Edit: screenshot removed due to message size constraints on the mailing list.
Hey Patrick,
I understand your skepticism! I'm also confident that this is some kind of a configuration issue; I'm not very familiar with all of Ceph's various configuration options as Rook generally abstracts those away, so I appreciate you taking the time to look into this.
Types of devices:
We run our Ceph pods on 3 AWS i3.2xlarge nodes. We're running 3 OSDs, 3 Mons, and 2 MDS pods (1 active, 1 standby-replay). Currently, each pod runs with the following resources:
- osds: 2 CPU, 6Gi RAM, 1.7Ti NVMe disk
- mds: 3 CPU, 24Gi RAM
- mons: 500m (.5) CPU, 1Gi RAM
`ceph osd tree`:
```
ID CLASS WEIGHT TYPE NAME STATUS REWEIGHT PRI-AFF
-1 5.18399 root default
-5 1.72800 host ip-10-0-28-88-ec2-internal
0 ssd 1.72800 osd.0 up 1.00000 1.00000
-3 1.72800 host ip-10-0-7-200-ec2-internal
1 ssd 1.72800 osd.1 up 1.00000 1.00000
-7 1.72800 host ip-10-0-9-172-ec2-internal
2 ssd 1.72800 osd.2 up 1.00000 1.00000
```
`ceph osd df`:
```
ID CLASS WEIGHT REWEIGHT SIZE USE AVAIL %USE VAR PGS
0 ssd 1.72800 1.00000 1.7 TiB 1.9 GiB 1.7 TiB 0.11 1.00 200
1 ssd 1.72800 1.00000 1.7 TiB 1.9 GiB 1.7 TiB 0.11 1.00 200
2 ssd 1.72800 1.00000 1.7 TiB 1.9 GiB 1.7 TiB 0.11 1.00 200
TOTAL 5.2 TiB 5.6 GiB 5.2 TiB 0.11
MIN/MAX VAR: 1.00/1.00 STDDEV: 0
```
`ceph osd lspools`:
```
1 myfs-metadata
2 myfs-data0
```
Let me know if there's any other information I can provide that would be helpful.
Thanks,
Zack
On Wed, Mar 6, 2019 at 9:49 PM Patrick Donnelly <pdonnell@xxxxxxxxxx> wrote:
Hello Zack,
On Wed, Mar 6, 2019 at 1:18 PM Zack Brenton <zack@xxxxxxxxxxxx> wrote:
>
> Hello,
>
> We're running Ceph on Kubernetes 1.12 using the Rook operator (https://rook.io), but we've been struggling to scale applications mounting CephFS volumes above 600 pods / 300 nodes. All our instances use the kernel client and run kernel `4.19.23-coreos-r1`.
>
> We've tried increasing the MDS memory limits, running multiple active MDS pods, and running different versions of Ceph (up to the latest Luminous and Mimic releases), but we run into MDS_SLOW_REQUEST errors at the same scale regardless of the memory limits we set. See this GitHub issue for more info on what we've tried up to this point: https://github.com/rook/rook/issues/2590
>
> I've written a simple load test that reads all the files in a given directory on an interval. While running this test, I've noticed that the `mds_co.bytes` value (from `ceph daemon mds.myfs-a dump_mempools | jq -c '.mempool.by_pool.mds_co'`) increases each time files are read. Why is this number increasing after the first iteration? If the same client is reading the same cached files, why would the data in the cache change at all? What is `mds_co.bytes` actually reporting?
>
> My most important question is this: How do I configure Ceph to be able to scale to large numbers of clients?

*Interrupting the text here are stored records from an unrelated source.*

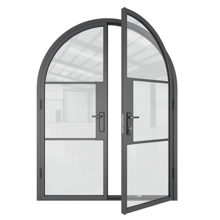 | 6 PANE FRENCH DOOR ROUND TOP RH OUTSWING FRENCH Style 72 X 96 RIGHT HAND OUTSWING FLAT BLACK Color LOW-E CLEAR Glass STEEL Material TANGO - 305A20 - BL - DM - DUMMY, TANGO - 305A10 - BL - ET - ACTIVE DOUBLE FULL ROUND Modern, Contemporary Style (Pull Handles and Locks are price separately) | |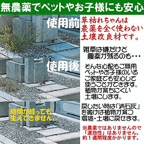人、ペット、地球に無害で除草できる環境に優しい完全無農薬の除草材です。使用後、酸性化された土壌に改良されて雑草などの芽が出にくくなります。1kgで約1~3平方メートルを目安に直接雑草や土に撒き広げて下さい。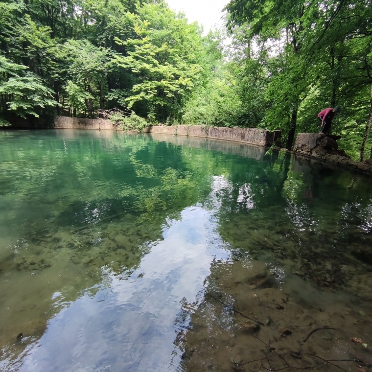 Голубое озеро – довольно крупный, по меркам Крыма, озёрный водоём. Желающие смогут искупаться в нём, однако стоит учитывать, что даже в летнее время температура воды здесь не превышает десяти градусов. По легенде, каждый, кто искупается в озере, обретёт истинную любовь, поэтому оно имеет второе название – озеро Любви. От него мы выйдем на тропу, ведущую наверх.
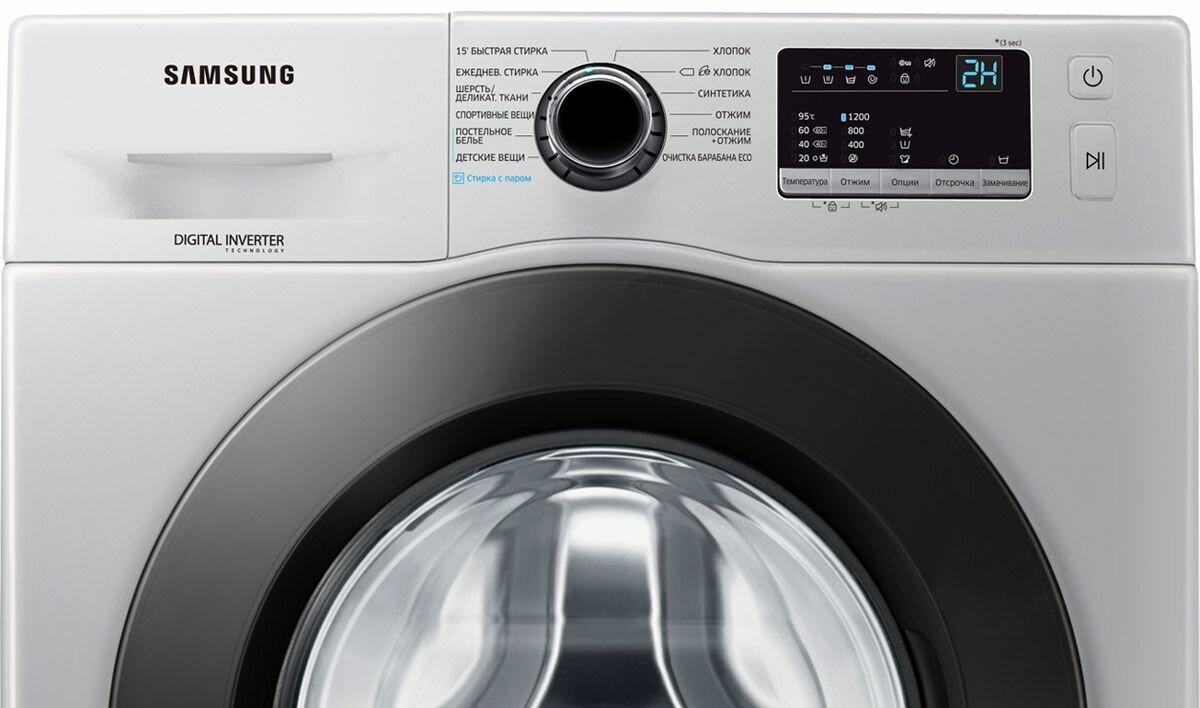 Стиральная машина фронтальная SAMSUNG WW60AG4S00CE/LD белый/серебро (6 кг, диспл, пар, инвертор, дозагрузка)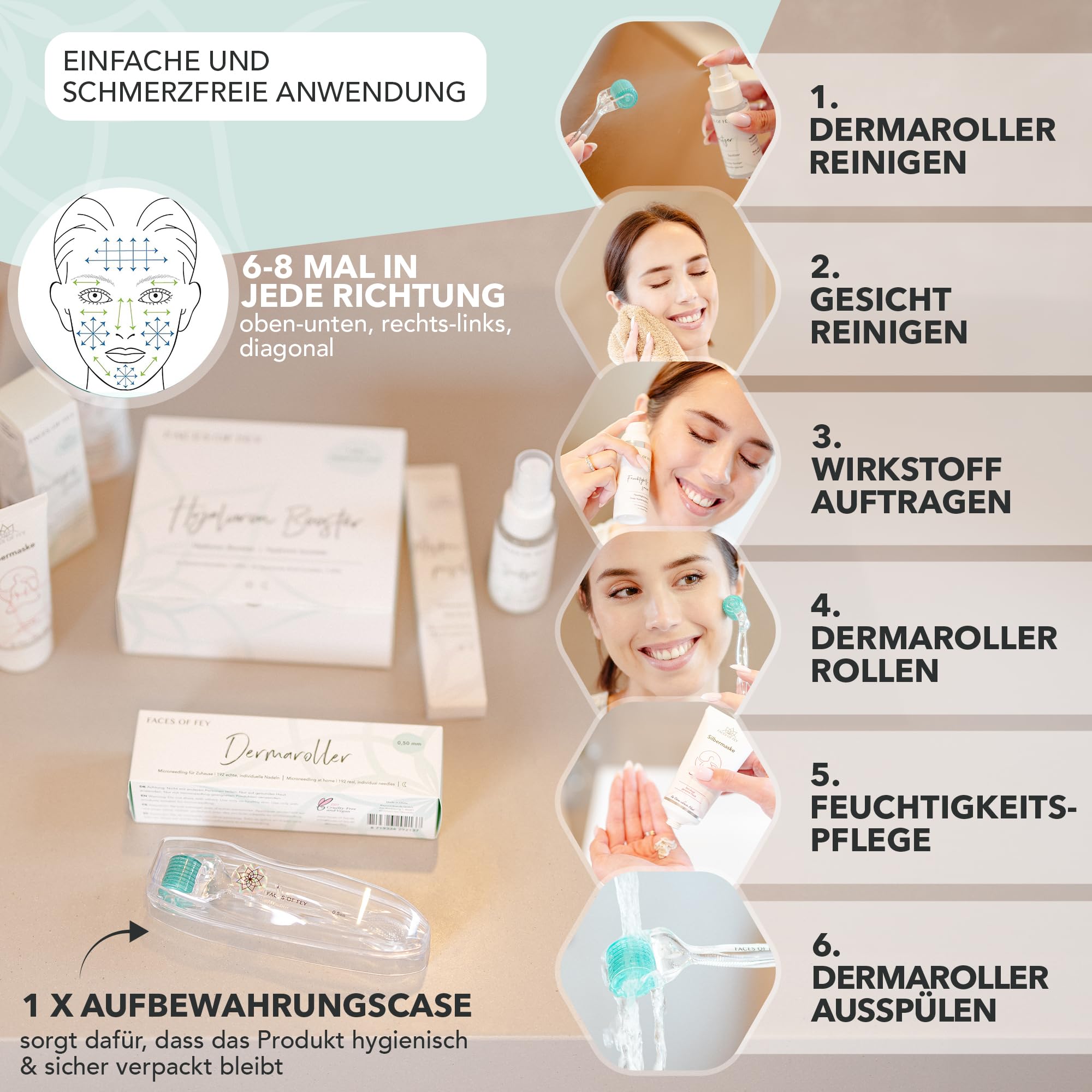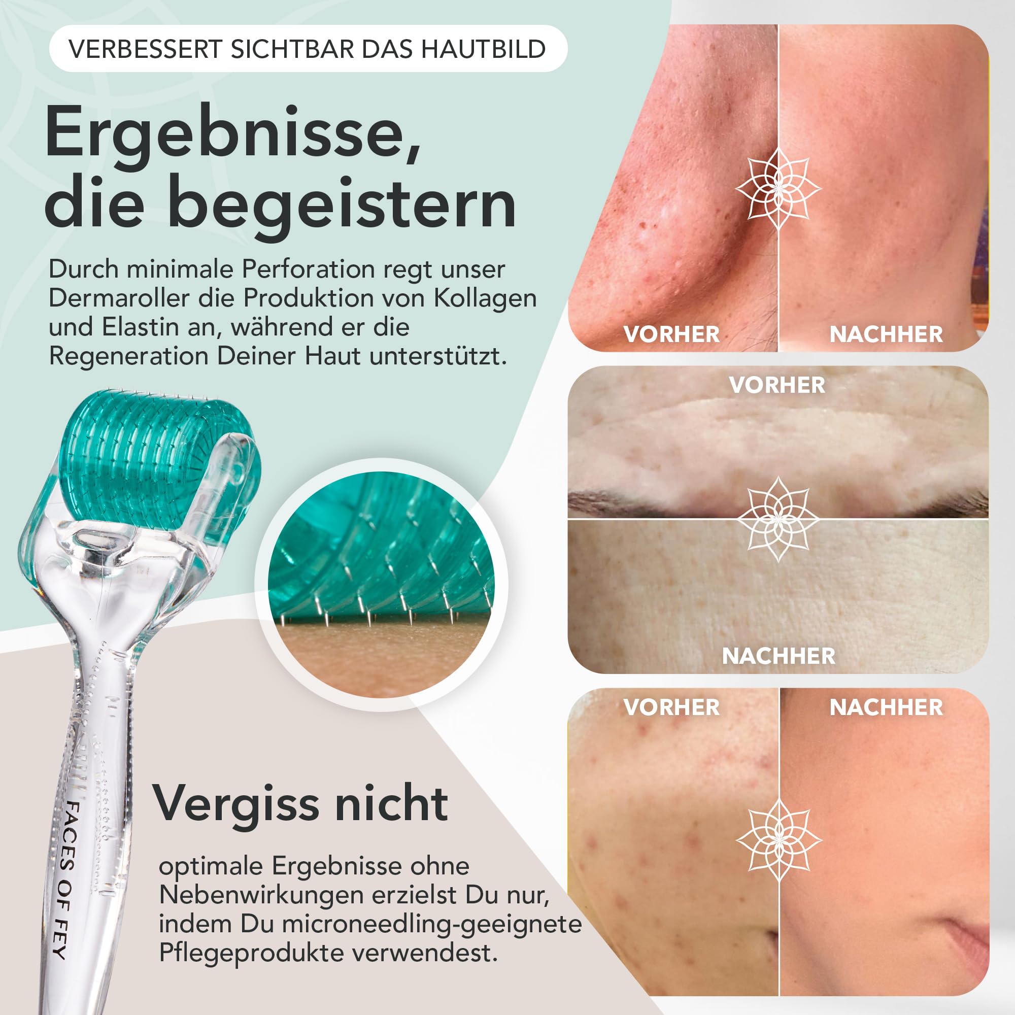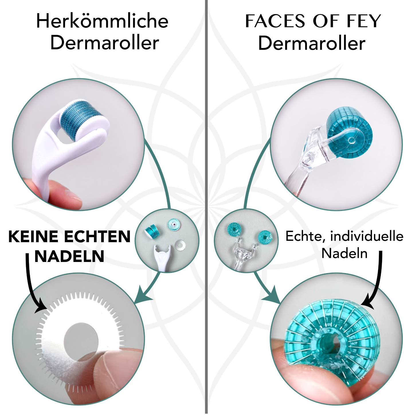 FACES OF FEY Derma Roller – 192 Echte Nadeln | Professionelles Microneedling für Zuhause | Nadelroller gegen Narben, Cellulite & Dehnungsstreifen | Microneedlingroller 0,75 mm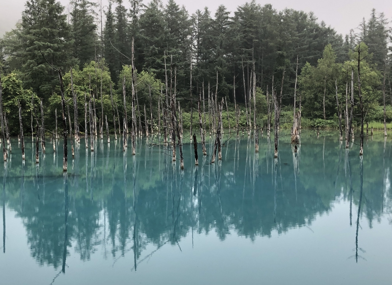 先月に続き、今月も雨の中、ツアーで行きました。バスガイドさんは、暗黙の了解のはずの一方通行の坂道を逆歩し、それに続きます。階段よりは膝に優しい。ピンポイントで、池と立ち枯れている木を眺めました。相変わらず美しい青でした。
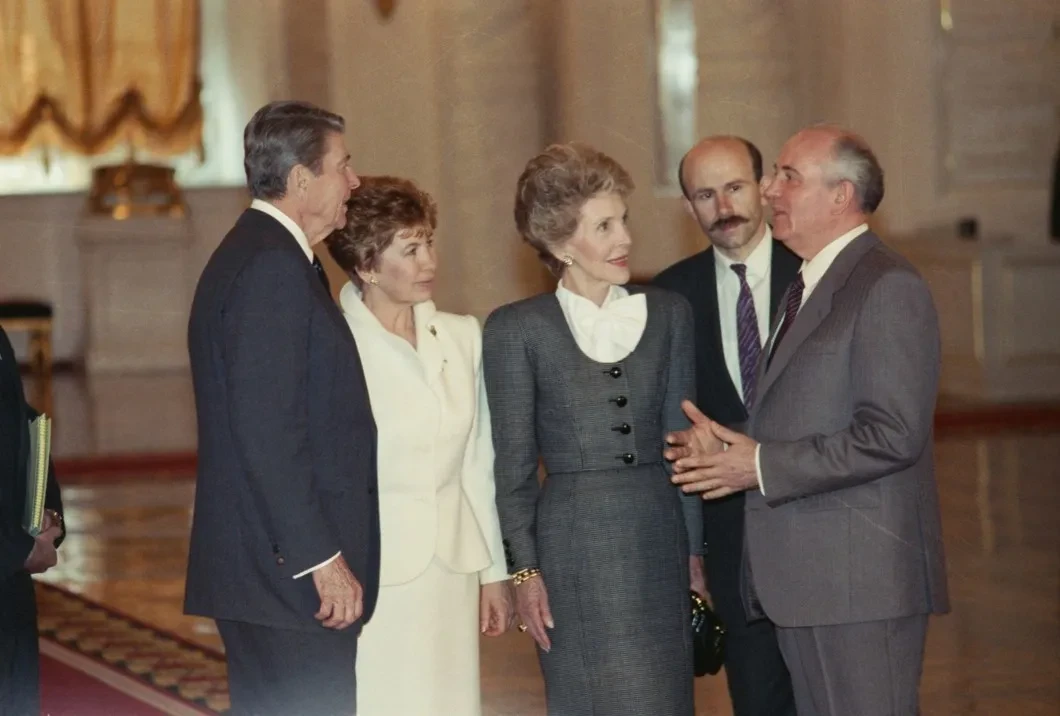 Палажченко вспоминает, как в 1991 году после переговоров Горбачева с уходящим президентом США Рейганом и только что избранным Бушем-старшим все трое сфотографировались: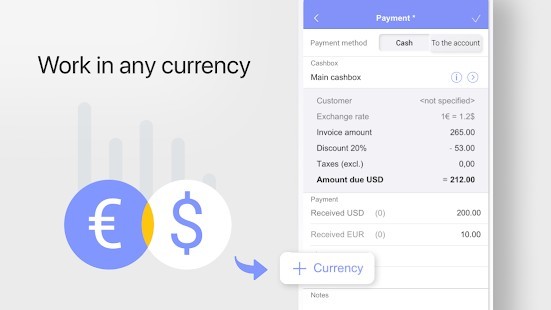 - وضع متعدد المستخدمين مع أدوار مستخدم مختلفة (أمين الصندوق والمالك. يمكن للمالك اختيار عدد الوظائف المتاحة للصرافين).

Please post more information about your cluster: types of devices,
`ceph osd tree`, `ceph osd df`, and `ceph osd lspools`.
There's no reason why CephFS shouldn't be able to scale to that number
of clients. The issue is probably related configuration of the
pools/MDS. From your ticket, I have a *lot* of trouble believing the
MDS still at 3GB memory usage with that number of clients and
mds_cache_memory_limit=17179869184 (16GB).